▸ Action item
Below are the records. Reproduce exactly the lines from the one containing "4月下旬,冷軋板卷庫存137" through the final line, and omit any pictures.

▸ Data shown
%%

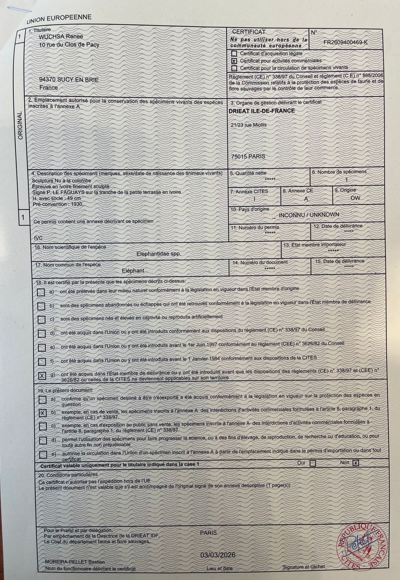 Signé P. Le Faguays sur la tranche de la petite terrasse en ivoire.
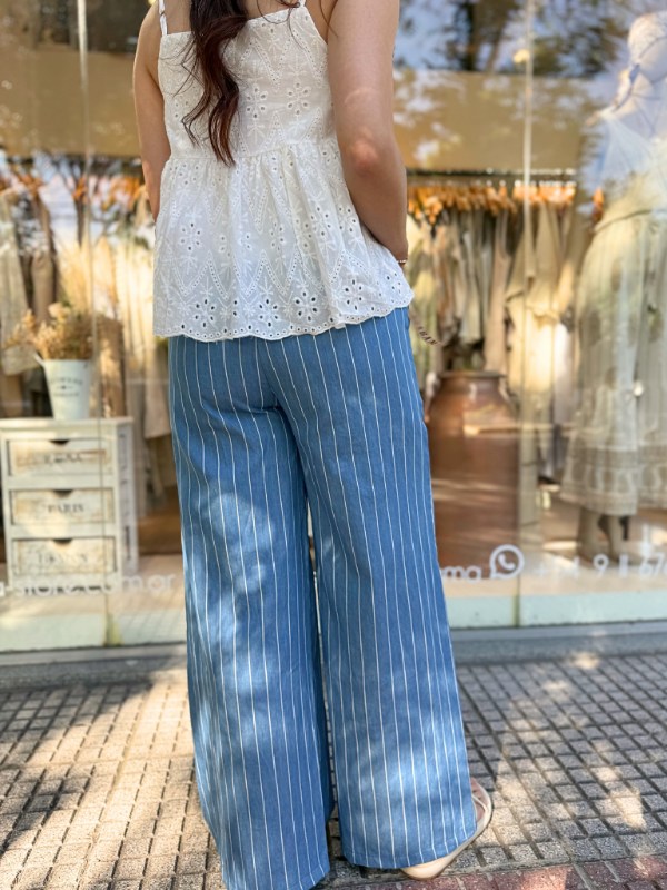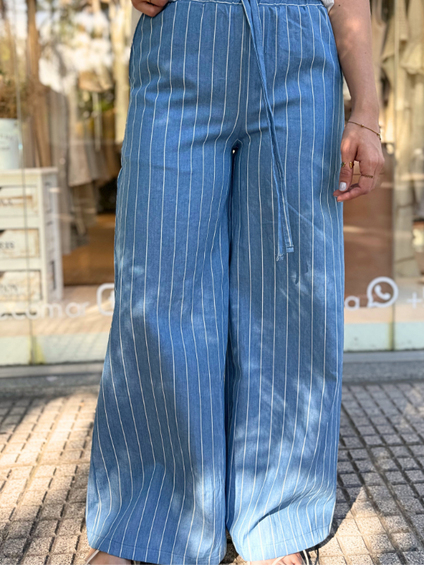 Palazo corte amplio, forrado en el interior con rayas verticales y calce relajado. Súper cómodo y favorecedor para todos los días.
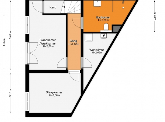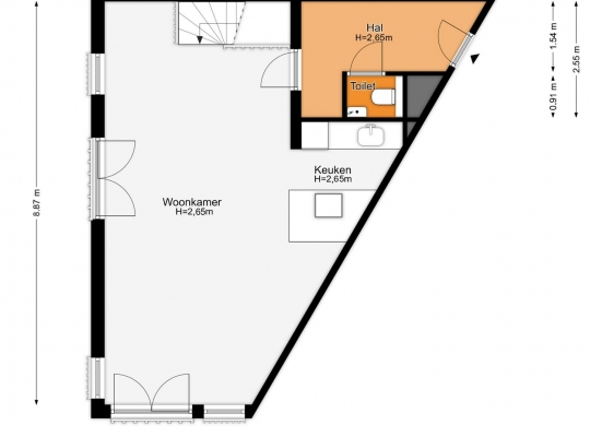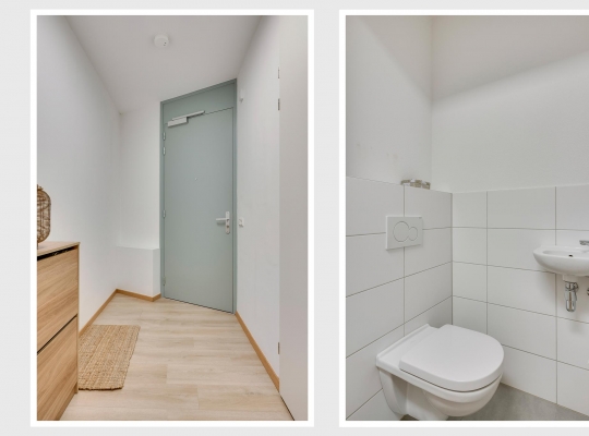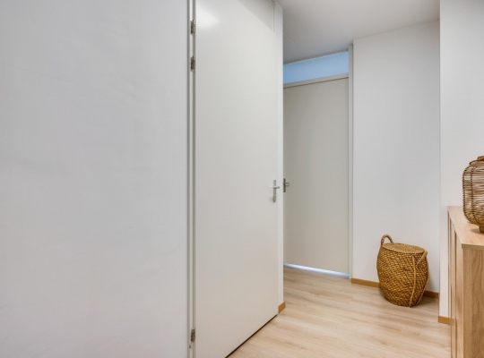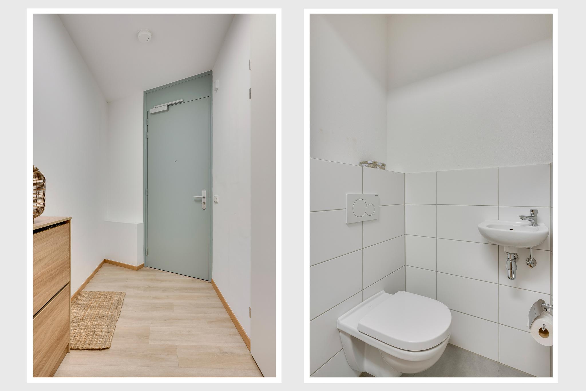 De woonverdieping is gesitueerd boven straatniveau, waardoor er weinig inkijk is. Als eerste is er de hal, met aan de linkerzijde de toiletruimte met fonteintje. In de hal, woonkamer en keuken ligt een mooie laminaatvloer met laagtemperatuur vloerverwarming. De hal is groot genoeg om een schoenenkast is side-table neer te zetten.
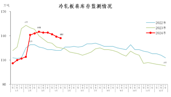 4月下旬,冷軋板卷庫存137萬噸,環(huán)比減少2萬噸,下降1.4%,庫存連續(xù)小幅下降;比3月下旬減少7萬噸,下降4.9%;比年初增加34萬噸,上升33.0%;比上年同期增加12萬噸,上升9.6%。
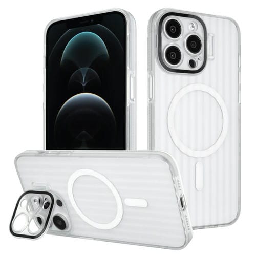 Estuche Magnético para Teléfono Magsafe con Soporte para Lente de Borde de Color para iPhone 12 Pro (Blanco)
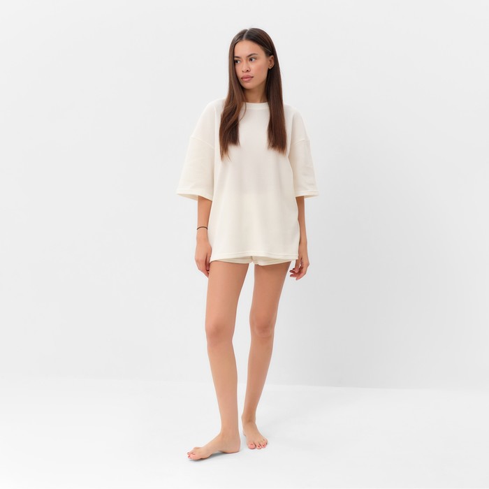 Пижама женская (футболка, шорты) KAFTAN Basic line, размер 42, молочная
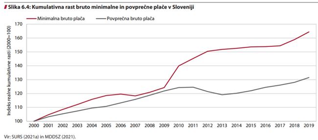Minimalna plača je zaradi zakonskih intervencij v Sloveniji precej prehitevala rast povprečne slovenske plače, kar je lepo vidno v spodnjem grafičnem prikazu: minimalna bruto plača je v zadnjih dvajsetih letih realno narasla za 65 odstotnih točk, povprečna pa za približno 30 odstotnih točk manj.

%%

▸ Expected output
 4月下旬,冷軋板卷庫存137萬噸,環(huán)比減少2萬噸,下降1.4%,庫存連續(xù)小幅下降;比3月下旬減少7萬噸,下降4.9%;比年初增加34萬噸,上升33.0%;比上年同期增加12萬噸,上升9.6%。
 Estuche Magnético para Teléfono Magsafe con Soporte para Lente de Borde de Color para iPhone 12 Pro (Blanco)
 Пижама женская (футболка, шорты) KAFTAN Basic line, размер 42, молочная
Minimalna plača je zaradi zakonskih intervencij v Sloveniji precej prehitevala rast povprečne slovenske plače, kar je lepo vidno v spodnjem grafičnem prikazu: minimalna bruto plača je v zadnjih dvajsetih letih realno narasla za 65 odstotnih točk, povprečna pa za približno 30 odstotnih točk manj.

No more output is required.